*** Opening of Listed entries ***

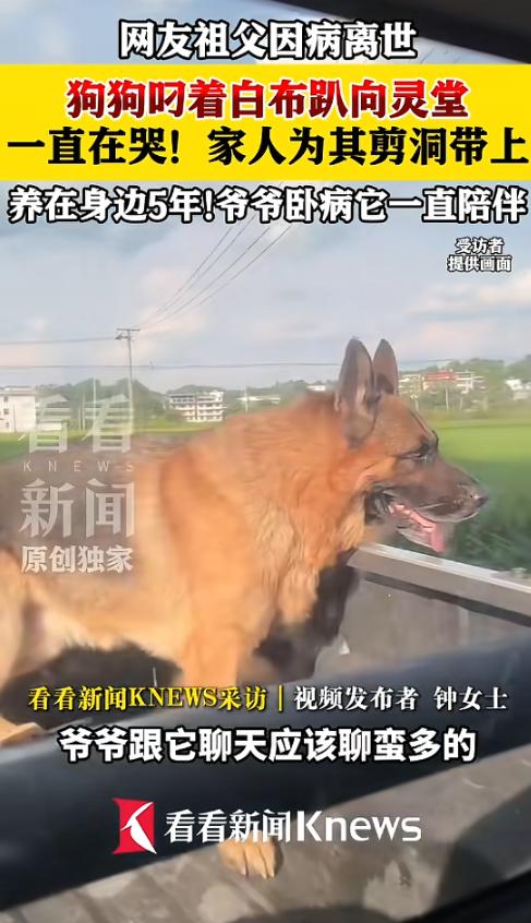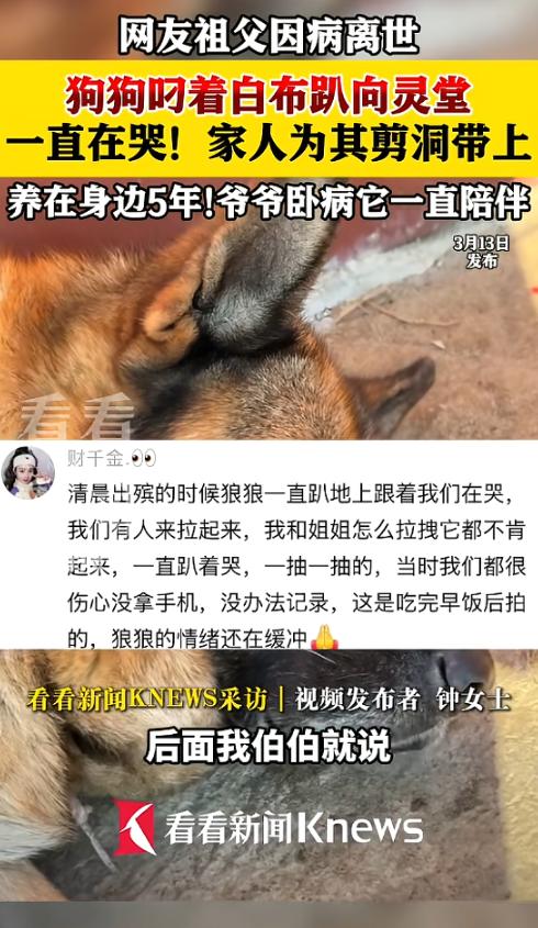 “太有灵性了!”近日, 江西赣州,一老人家中养了条小狗,平日感情深厚,老人去世后,小狗嘴里叼着白布,对着遗照的位置趴着不肯起来,众人看到后,十分揪心,想着小狗肯定舍不得老人,就把白布剪了两个洞,给小狗戴上!网友:其实小狗什么都知道! 有一只格外忠诚的小狗,名叫狼狼,它在四岁那年,偶然走进了一位老人的生活。 从狼狼踏入老人家门的那一刻起,一人一狗便渐渐绑定了彼此的时光。 老人起床第一件事,总会先给狼狼倒上温热的清水和足量的狗粮,看着它安安静静地吃完,自己才去洗漱、准备简单的早餐。 小小的餐桌上,老人吃着清淡的粥和小菜,狼狼则在一旁的地上啃着狗粮。 若是天气晴朗,老人会搬一把椅子坐在院子里晒太阳,狼狼便会乖乖蜷在老人的脚边,脑袋轻轻枕着老人的裤腿,眯着眼睛打盹,模样温顺又黏人。 老人没事的时候,总爱对着狼狼絮絮叨叨说些心里话,说说自己年轻时的过往,讲讲儿女小时候的趣事。 不管老人说的是开心还是难过的事,狼狼虽然听不懂,但还是会用圆溜溜的眼睛望着老人,尾巴时不时轻轻晃动。 后来老人中风,身体瞬间垮了下来——行动变得迟缓笨拙,说话也含糊不清,大多数时候只能躺在床上,偶尔才能在家人的搀扶下坐在轮椅上。 儿女们得知消息后,第一时间就回家照顾老人。 与此同时,狼狼也始终寸步不离守在老人身边的。 从老人中风的那天起,狼狼仿佛察觉到了老人的不适,再也不像以前那样到处乱跑、调皮捣蛋,而是安安静静地守在老人的床边或是轮椅旁,一刻也不肯离开。 哪怕自己饿了、渴了,也只是匆匆跑到食盆边吃两口、喝两口,便立刻飞奔回老人身边。 狼狼就这样陪着老人,度过了一个又一个日夜,而老人也因为有狼狼的陪伴,每天的生活并不孤单。 可岁月终究不饶人,老人的身体状况越来越差,终究还是没能挺过去,不幸离开了人世。 老人离世的那天,家里来了很多亲戚朋友,大家忙着布置灵堂、祭奠老人,屋子里到处都弥漫着悲伤的气息,哭声和叹息声此起彼伏。 狼狼看着家里突然涌来这么多陌生人,看着每个人脸上都挂着悲伤的神情,看着灵堂中央摆放着的老人遗照和骨灰盒,仿佛明白了什么。 它没有像往常那样凑到家人们身边撒娇,也没有发出任何吵闹的声响。 狼狼只是在屋子里转了一圈,然后用嘴叼起灵堂旁边一块用来祭奠的白布,慢慢走到遗照和骨灰盒面前,轻轻趴了下来,眼睛一动不动地盯着老人的遗照。 在场的人们无意间瞥见趴在那里的狼狼,所有人都不由自主地停下了动作,心里一下子就被揪紧了。 狼狼是舍不得老人,它在用自己的方式,送别这位朝夕相伴的主人,诉说着心底的思念与不舍。 老人的家人忍不住蹲下身,轻轻摸摸狼狼的脑袋。 可狼狼只是微微抬起头,看了一眼来人,便又缓缓低下头,依旧紧紧咬着那块白布,趴在原地不肯挪动分毫。 后来,家人找来了剪刀,在它咬着的白布上剪了两个洞,随后温柔地将这块白布套在了狼狼的头上。 转眼就到了老人出殡的日子,亲戚朋友们忙着抬棺、送葬,屋子里的悲伤气氛达到了顶点。 狼狼依旧戴着那块白布,安安静静地趴在灵堂里,看着人们忙碌的身影,它突然发出了低沉的呜咽声。 家人们想把狼狼拉起来,可不管她们怎么温柔地拉拽,狼狼都不肯起身,只是死死趴在地上,身体一抽一抽的,哭了起来。 有的人拍下了狼狼的模样,发到了网上,而这段视频引来无数网友的热议。 有网友留言说道:“看一次哭一次,这只小狗也太忠诚了,朝夕相处的感情,早就刻进了它的骨子里。” 还有网友感慨道:“它明明不会说话,却把对老人的思念和不舍,全都写在了眼神里、刻在了动作上。” (信息来源:看看新闻Knewsv《网友祖父因病离世 狗狗叼着白布趴向灵堂 养在身边5年爷爷卧病他一直陪伴》)
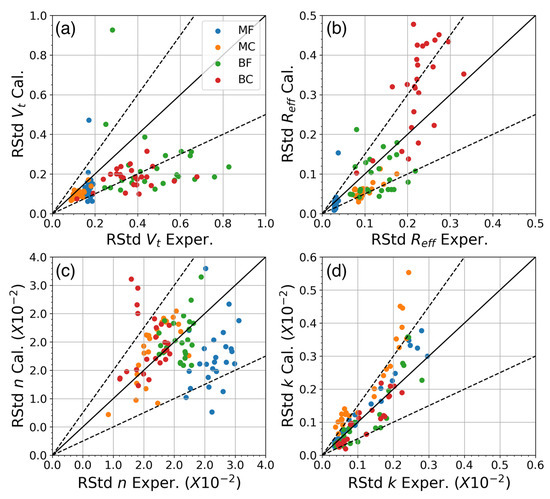 Case-by-case comparison of the retrieval standard deviation (RStd) of (a) Vt, (b) Reff, (c) n, and (d) k calculated with the propagation model for a measurement uncertainty of 10% (y-axes) and derived from the statistics of the 100 inversions of error-contaminated optical data (same as the method described in Section 3.2) (x-axes). For each VSD type, individual solutions are derived for suitable inversion windows. In each panel, the black solid line represents the 1–1 line, and between the two dashed lines is the area where relative error is less than 50%.
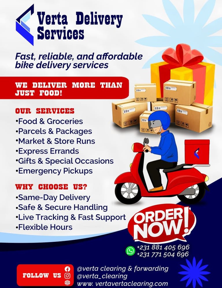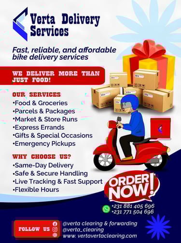 Welcome to Verta Delivery Service, your premier bike delivery partner in Montserrado County. We pride ourselves on providing fast, reliable, and affordable delivery solutions for a wide range of needs. Whether you're ordering food, sending parcels, or running errands, our professional riders ensure your items are handled safely and securely. With our same-day delivery service, live updates, and flexible hours, we make your convenience our top priority.
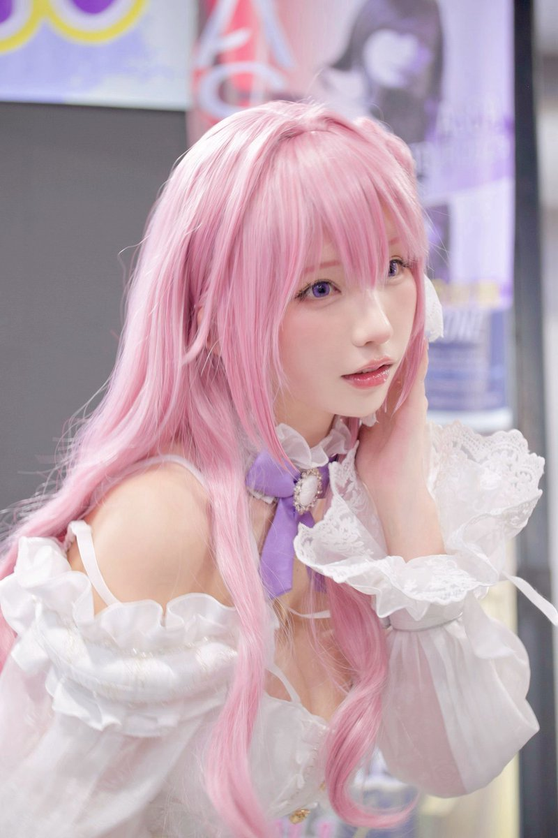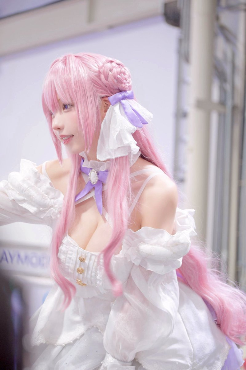 えなこ這次是為了參加台灣的「 開拓動漫祭」 特別準備的 Cosplay。她換上了桃樂絲招牌的白色荷葉邊洋裝,再搭配粉紅色的長髮,整體造型宛如從遊戲裡走出來,夢幻又可愛。
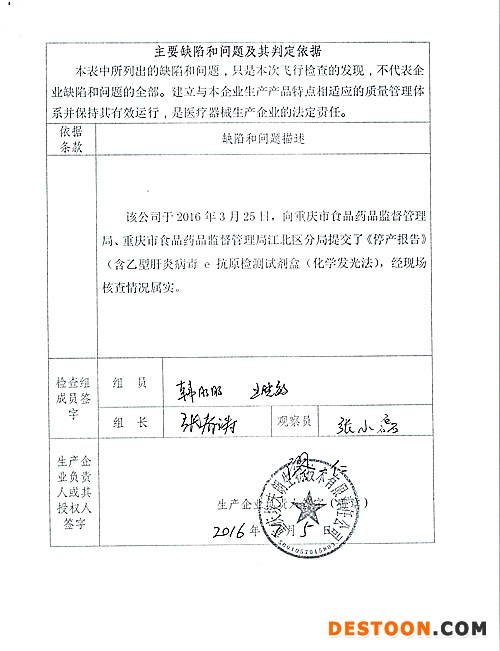 重慶埃夫朗生物技術(shù)有限責(zé)任公司于2016年3月25日向重慶市食品藥品監(jiān)督管理局、重慶市江北區(qū)分局提交了《停產(chǎn)報(bào)告》。經(jīng)檢查組現(xiàn)場(chǎng)核實(shí),該企業(yè)處于停產(chǎn)狀態(tài)。該企業(yè)恢復(fù)生產(chǎn)前應(yīng)當(dāng)按照有關(guān)規(guī)定書面報(bào)告重慶市食品藥品監(jiān)督管理局,經(jīng)重慶市食品藥品監(jiān)督管理局核查符合要求后方可恢復(fù)生產(chǎn)。
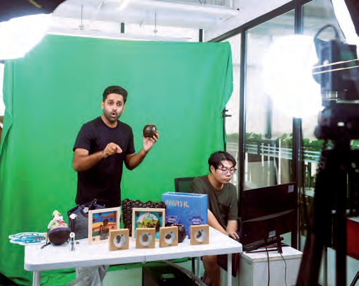 9月22日,在海口复兴城互联网信息产业园,一名来自巴基斯坦的主播在直播间进行直播带货。
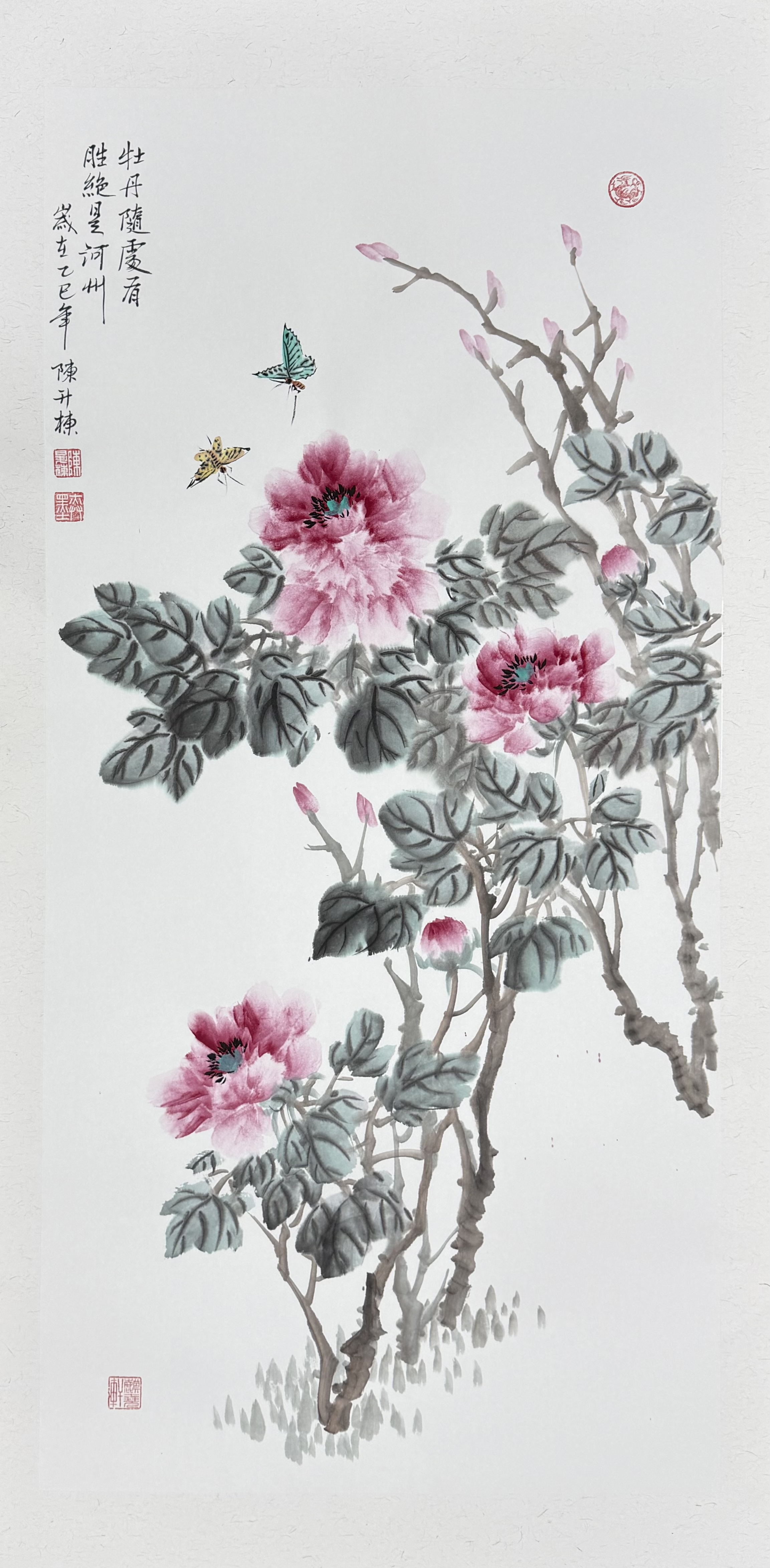 数十年来,陈升栋先生深耕国画领域,坚守传统文脉且不囿于成规,在牡丹题材创作中不断探索新意,每一幅作品都凝聚着对花鸟之美的独到洞察与对笔墨之韵的极致追求。从《蝶舞牡丹》的灵动雅致,到即将启幕的“中国牡丹王”主题展厅,陈升栋先生正以笔墨为桥,让牡丹的国色天香跨越时空、浸润人心。这幅新作既是他艺术造诣的鲜活见证,更是未来展厅的精彩预告,待展厅落成,便可在笔墨繁花中,尽览“中国牡丹王”的艺术传奇。
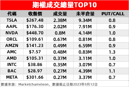 1、苹果:隔夜股价收跌近2%,公司推出iphone15系列产品亮点未达市场预期,瑞银随即下调该机型销量预测。隔夜苹果期权成交量激增至202万张,较前一交易日翻倍,其中Call单占比58%。苹果近五个交易日大跌7%,期权投资者倾向于逢低买入,过去五天该股Call单持仓量增加了9.1%。
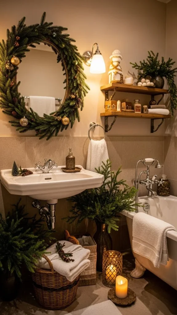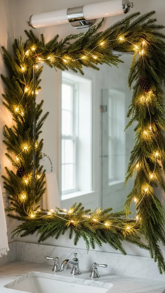 Draping greenery around the mirror brings life and warmth to your bathroom. Choose faux or real garland depending on your preference. If using real greenery, pine and eucalyptus work best since they last longer in humid spaces. Keep the garland lightweight so it hangs neatly without damaging the mirror. You can add a string of micro-lights for a soft glow. This idea looks especially beautiful during evenings when the bathroom lighting is gentle. It’s a simple touch that makes daily routines feel holiday-ready.
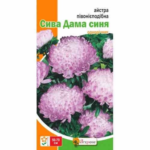 Астра піоноподібна Сива Дама синя - сорт відрізняється неймовірно ніжним забарвленням бутонів. Пелюстки пишних кошиків пофарбовані в білі та бузкові тони, що надає їм виразності з чарівною ніжністю. Сорт чудовий для зрізання, тому що один кущ обдаровує безліччю великих квіток, які стоять у букеті до 18 днів. Справжня знахідка для флористів!
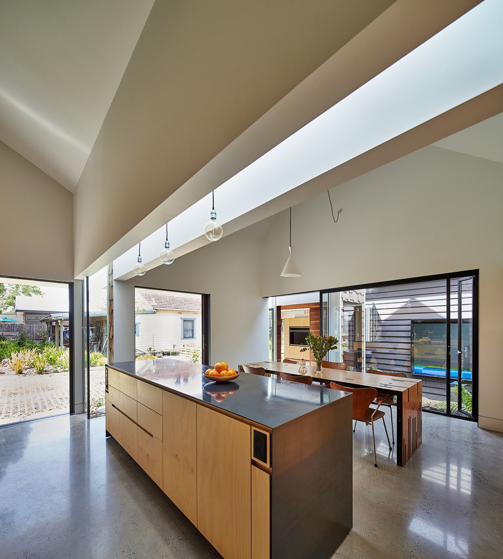Ngôi nhà không có tường ngăn giữa các không gian để giúp không gian mở và nội thất cũng được sắp xếp theo chiều ngang (điều trái ngược hoàn toàn với những ngôi nhà truyền thống kiểu Úc).
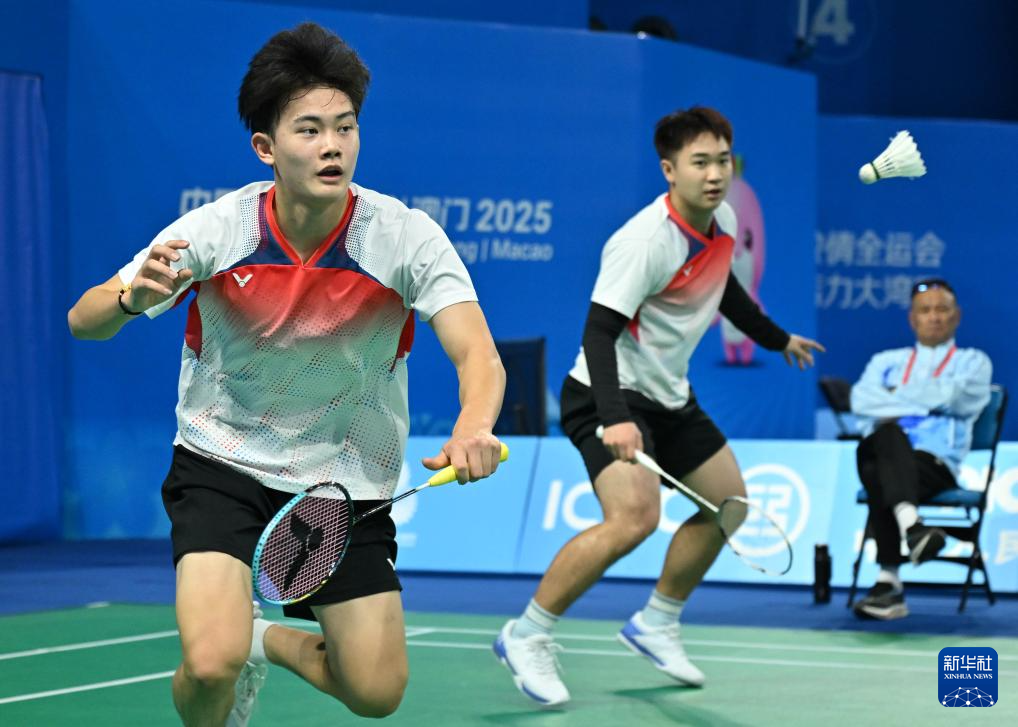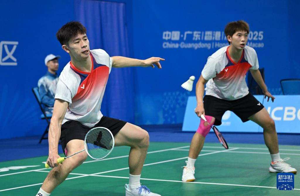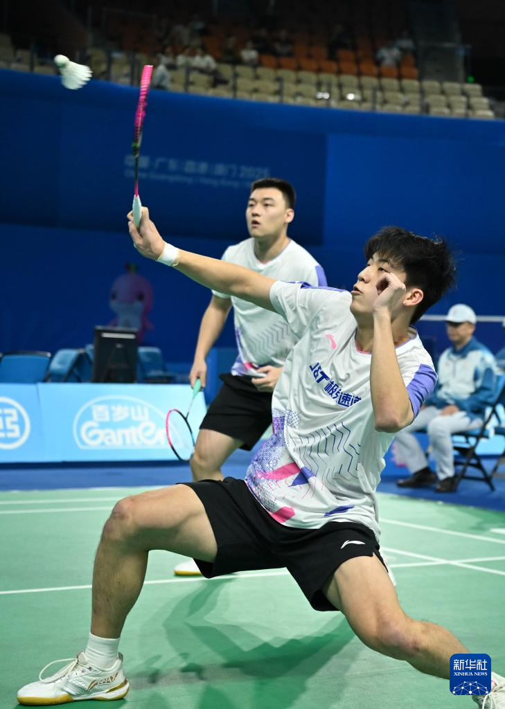 11月7日,广东队组合梁伟铿(右)/任翔宇在男双比赛中。他们2比0战胜江西队组合桂逸俊/徐浩天。最终,广东队3比2战胜江西队。

*** Close of Listed entries ***

**Exercise instructions**
Write out the lines of the entries above exactly, beginning with the first and ending with the line that contains "Case-by-case comparison of". No picture goes in.

**Result of this exercise**
 “太有灵性了!”近日, 江西赣州,一老人家中养了条小狗,平日感情深厚,老人去世后,小狗嘴里叼着白布,对着遗照的位置趴着不肯起来,众人看到后,十分揪心,想着小狗肯定舍不得老人,就把白布剪了两个洞,给小狗戴上!网友:其实小狗什么都知道! 有一只格外忠诚的小狗,名叫狼狼,它在四岁那年,偶然走进了一位老人的生活。 从狼狼踏入老人家门的那一刻起,一人一狗便渐渐绑定了彼此的时光。 老人起床第一件事,总会先给狼狼倒上温热的清水和足量的狗粮,看着它安安静静地吃完,自己才去洗漱、准备简单的早餐。 小小的餐桌上,老人吃着清淡的粥和小菜,狼狼则在一旁的地上啃着狗粮。 若是天气晴朗,老人会搬一把椅子坐在院子里晒太阳,狼狼便会乖乖蜷在老人的脚边,脑袋轻轻枕着老人的裤腿,眯着眼睛打盹,模样温顺又黏人。 老人没事的时候,总爱对着狼狼絮絮叨叨说些心里话,说说自己年轻时的过往,讲讲儿女小时候的趣事。 不管老人说的是开心还是难过的事,狼狼虽然听不懂,但还是会用圆溜溜的眼睛望着老人,尾巴时不时轻轻晃动。 后来老人中风,身体瞬间垮了下来——行动变得迟缓笨拙,说话也含糊不清,大多数时候只能躺在床上,偶尔才能在家人的搀扶下坐在轮椅上。 儿女们得知消息后,第一时间就回家照顾老人。 与此同时,狼狼也始终寸步不离守在老人身边的。 从老人中风的那天起,狼狼仿佛察觉到了老人的不适,再也不像以前那样到处乱跑、调皮捣蛋,而是安安静静地守在老人的床边或是轮椅旁,一刻也不肯离开。 哪怕自己饿了、渴了,也只是匆匆跑到食盆边吃两口、喝两口,便立刻飞奔回老人身边。 狼狼就这样陪着老人,度过了一个又一个日夜,而老人也因为有狼狼的陪伴,每天的生活并不孤单。 可岁月终究不饶人,老人的身体状况越来越差,终究还是没能挺过去,不幸离开了人世。 老人离世的那天,家里来了很多亲戚朋友,大家忙着布置灵堂、祭奠老人,屋子里到处都弥漫着悲伤的气息,哭声和叹息声此起彼伏。 狼狼看着家里突然涌来这么多陌生人,看着每个人脸上都挂着悲伤的神情,看着灵堂中央摆放着的老人遗照和骨灰盒,仿佛明白了什么。 它没有像往常那样凑到家人们身边撒娇,也没有发出任何吵闹的声响。 狼狼只是在屋子里转了一圈,然后用嘴叼起灵堂旁边一块用来祭奠的白布,慢慢走到遗照和骨灰盒面前,轻轻趴了下来,眼睛一动不动地盯着老人的遗照。 在场的人们无意间瞥见趴在那里的狼狼,所有人都不由自主地停下了动作,心里一下子就被揪紧了。 狼狼是舍不得老人,它在用自己的方式,送别这位朝夕相伴的主人,诉说着心底的思念与不舍。 老人的家人忍不住蹲下身,轻轻摸摸狼狼的脑袋。 可狼狼只是微微抬起头,看了一眼来人,便又缓缓低下头,依旧紧紧咬着那块白布,趴在原地不肯挪动分毫。 后来,家人找来了剪刀,在它咬着的白布上剪了两个洞,随后温柔地将这块白布套在了狼狼的头上。 转眼就到了老人出殡的日子,亲戚朋友们忙着抬棺、送葬,屋子里的悲伤气氛达到了顶点。 狼狼依旧戴着那块白布,安安静静地趴在灵堂里,看着人们忙碌的身影,它突然发出了低沉的呜咽声。 家人们想把狼狼拉起来,可不管她们怎么温柔地拉拽,狼狼都不肯起身,只是死死趴在地上,身体一抽一抽的,哭了起来。 有的人拍下了狼狼的模样,发到了网上,而这段视频引来无数网友的热议。 有网友留言说道:“看一次哭一次,这只小狗也太忠诚了,朝夕相处的感情,早就刻进了它的骨子里。” 还有网友感慨道:“它明明不会说话,却把对老人的思念和不舍,全都写在了眼神里、刻在了动作上。” (信息来源:看看新闻Knewsv《网友祖父因病离世 狗狗叼着白布趴向灵堂 养在身边5年爷爷卧病他一直陪伴》)
 Case-by-case comparison of the retrieval standard deviation (RStd) of (a) Vt, (b) Reff, (c) n, and (d) k calculated with the propagation model for a measurement uncertainty of 10% (y-axes) and derived from the statistics of the 100 inversions of error-contaminated optical data (same as the method described in Section 3.2) (x-axes). For each VSD type, individual solutions are derived for suitable inversion windows. In each panel, the black solid line represents the 1–1 line, and between the two dashed lines is the area where relative error is less than 50%.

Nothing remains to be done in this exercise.